Gambia’s latitude meant the river’s banks harbored vectors of some of the worst tropical diseases. Bathurst’s low, sandy base flooded easily and held puddles and swamps that were perfect breeding grounds for mosquitoes. In 1939 Gambia’s colonial secretary wrote of Bathurst’s regular floods: “I have seen their fowls and pets drowning, their houses and compounds flooded (in places to a depth of three and a half feet or more), their beds under water, no means of cooking food till the flood waters subside.…” The British learned early how unhealthy Bathurst could be for Europeans. They brought out 199 soldiers in May 1825 and by Christmas 160 of them were dead. That end of Bathurst where Roosevelt’s party would begin its motorcade over a century later was called—optimistically, it seems—“Half Die.”

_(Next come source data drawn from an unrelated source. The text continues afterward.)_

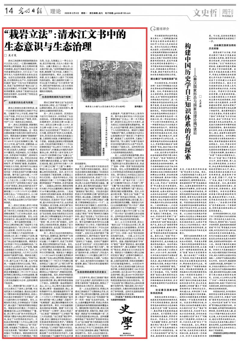 新著速递|吴才茂:“栽岩立法”:清水江文书中的生态意识与生态治理(《光明日报》2026年03月09日第14版理论版)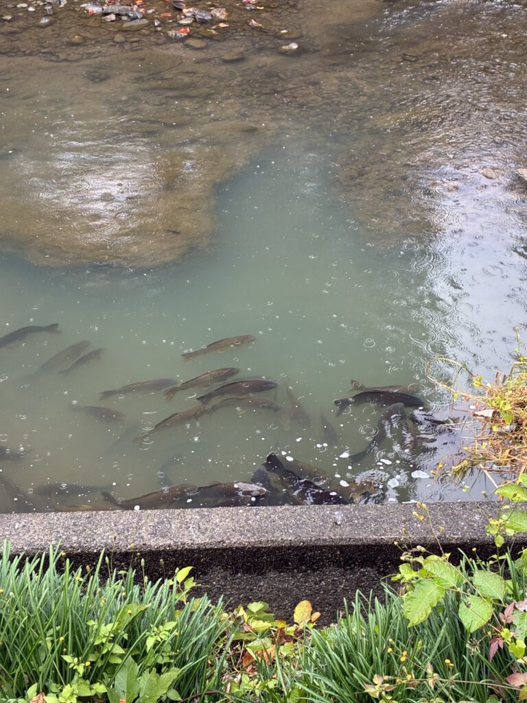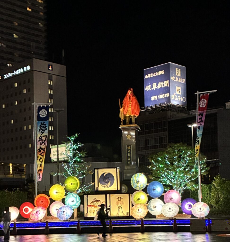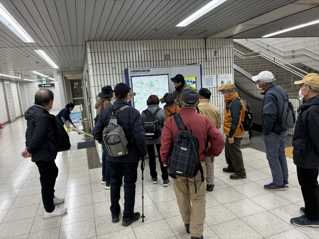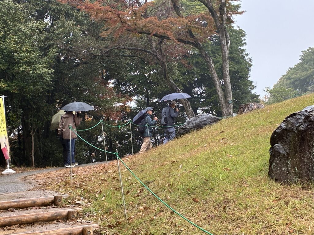 信長公から、かって自らが築き移り住んだ小牧山城の探索を命ぜられ、岐阜駅前に11人の老兵が集りました。名鉄各務原線に乗車、途中の関所で2人の兵士が乗り込み総勢13名の少数精鋭、電車内では周りを警戒しながら静かに進むべきところが、それぞれの近況や残してきた仲間兵士の話で、ワイワイガヤガヤでした。名鉄小牧駅では、小牧山城探索の手筈の説明を受け、降り始めた小雨の中、陣笠をかぶり傘を片手へ兵を進めました。城を取り巻く堀の多くの大きな鯉や数匹の鳥(鷺?)に迎えられ、麓の「れきしるこまき(小牧山城史跡情報館)」に到着、約半里(2㎞)の行程を濡れた路面で滑らないよう気にしながらのゆっくり行進でした。「れきしるこまき」には、小牧山を取り巻く信長、秀吉、家康時代に歴史が模型や映像で紹介されており、少し当時に思いを馳せました。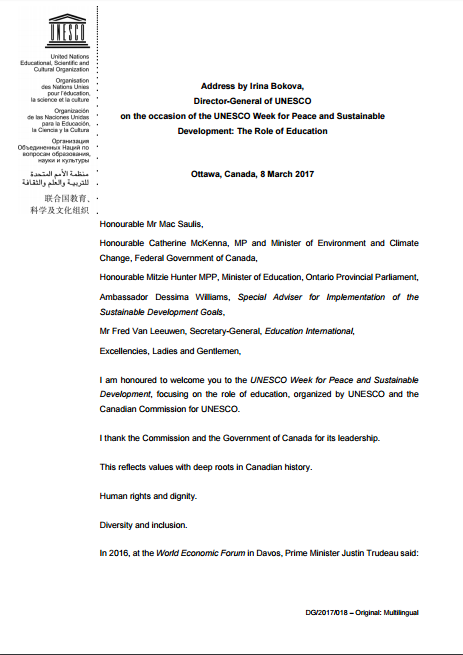 Address by Irina Bokova, Director-General of UNESCO, on the occasion of the UNESCO Week for Peace and Sustainable Development: The Role of Education; Ottawa, Canada, 8 March 2017 Year of publication: 2017 Corporate author: UNESCO. Director-General, 2009-2017 (Bokova, I.G.) This address was presented by Irina Bokova, Director-General of UNESCO on the occasion of the UNESCO Week for Peace and Sustainable Development. She highlights on the role of education.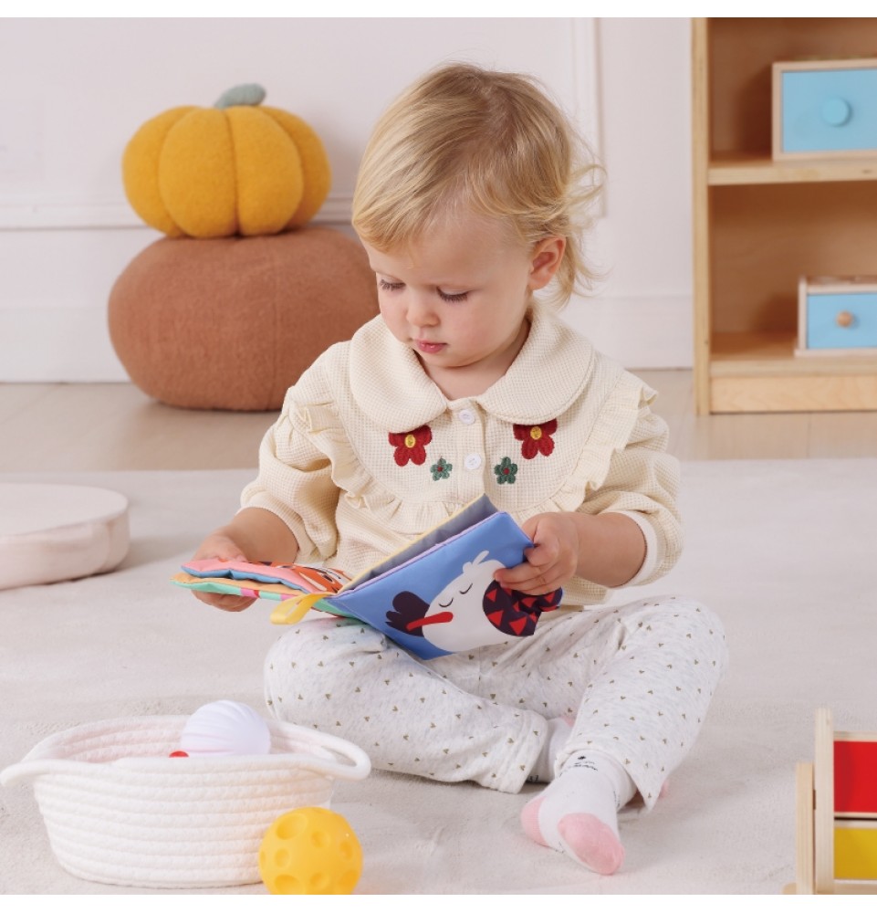 Vaikai mėgsta žiūrėti į spalvingas knygeles, ypač tas, kurios turi girgždančių ir garsus skleidžiančių elementų. Rinkinyje esanti minkšta knygelė pateisins šiuos lūkesčius , skatindama sensorinį tyrinėjimą, regimąjį atpažinimą, bendravimą ir kūrybiškumą. Girgždantys puslapiai ir cypiantys elementai stimuliuoja klausą, skatina garsų žaismą, o ryškios, kontrastingos spalvos ir iliustracijos patraukia vaiko dėmesį , skatindamos regimąjį suvokimą. Knygelė išsiskiria kruopščiu meistriškumu, tvirtomis siūlėmis ir patvarumu.

As the British halted slaving on the river, their substitute economic endeavors brought changes to Gambians’ way of life. It was always fundamental in British thinking that colonial peoples should pay for their own administration. From the mid-1830s, when Gambian farmers began selling peanuts to British traders, peanut exporting became almost the sole source of funds for Gambia’s colonial government. With British encouragement Gambian farmers often grew and sold peanuts at the expense of their food crops, millet and rice. In years when world prices for peanuts were high and for rice low, Gambians had enough to eat and maybe even something left after paying colonial taxes to buy a few imported goods. But when peanut prices dropped and imported-grain prices rose, Gambians did not have enough to eat.